Recorded data
__________________________________________________
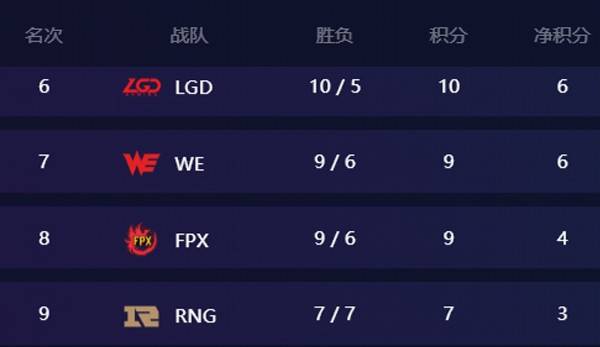 但凡这两场比赛RNG输掉了一场,则直接淘汰出局,FPX和WE就可以不管胜负直接携手晋级了,毕竟FPX和WE是9胜,RNG只有八胜利。
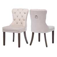 Goolon Dining Room Chairs Set Of 2, Velvet Button Tufted Dining Chairs With Rivet Trim Metal Pull Ring Wood Legs For Kitchen Res
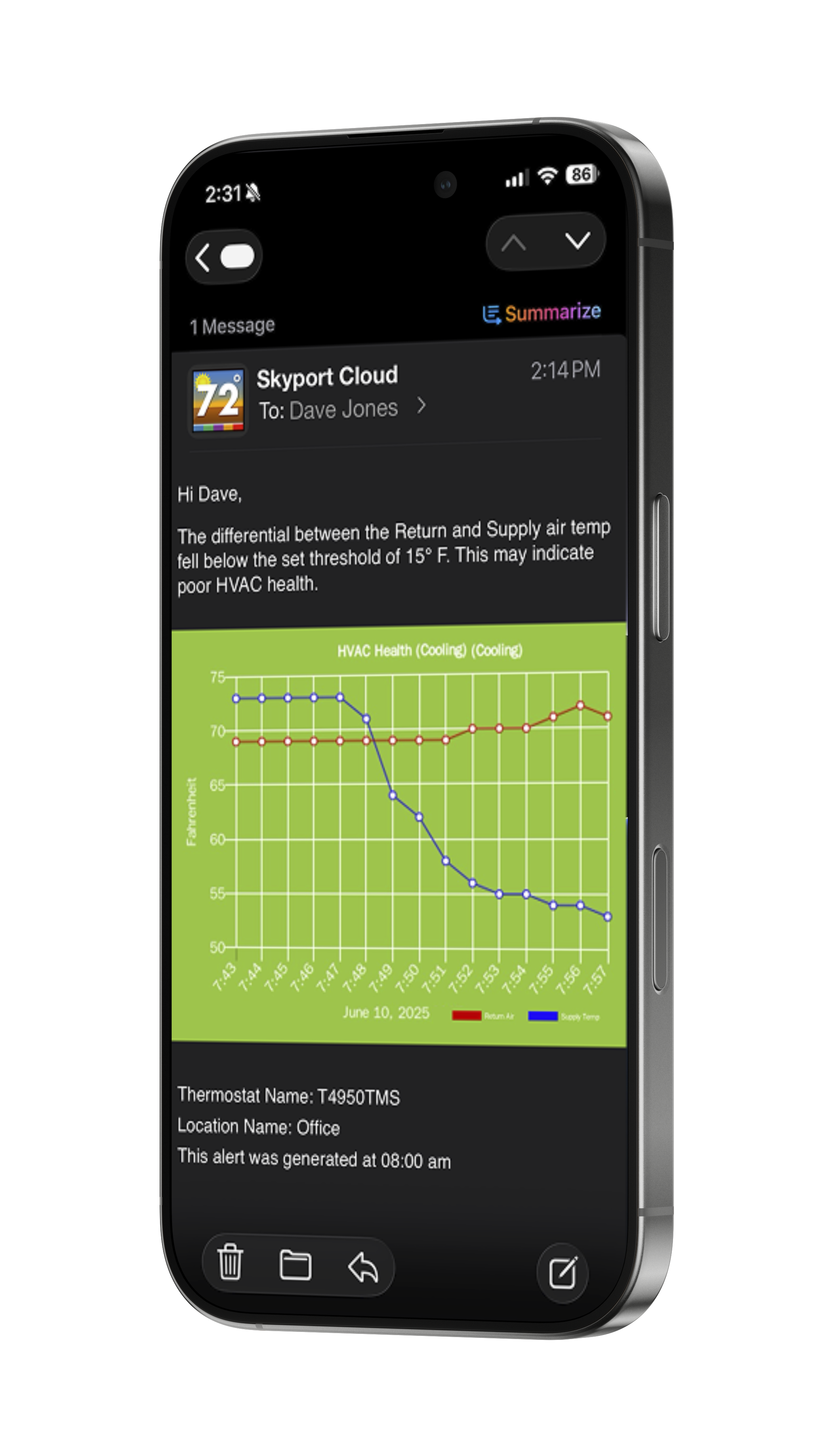 Connected through Skyport Cloud, the T4950-TMS continuously analyzes HVAC performance. If the system fails to reach your desired supply/return temperature difference within the parameters you set, an HVAC Health Alert is sent instantly to your phone, tablet, or dashboard.
__________________________________________________
What to work on
Return the full listing exactly as written, without any of its images.

Answer section
 但凡这两场比赛RNG输掉了一场,则直接淘汰出局,FPX和WE就可以不管胜负直接携手晋级了,毕竟FPX和WE是9胜,RNG只有八胜利。
 Goolon Dining Room Chairs Set Of 2, Velvet Button Tufted Dining Chairs With Rivet Trim Metal Pull Ring Wood Legs For Kitchen Res
 Connected through Skyport Cloud, the T4950-TMS continuously analyzes HVAC performance. If the system fails to reach your desired supply/return temperature difference within the parameters you set, an HVAC Health Alert is sent instantly to your phone, tablet, or dashboard.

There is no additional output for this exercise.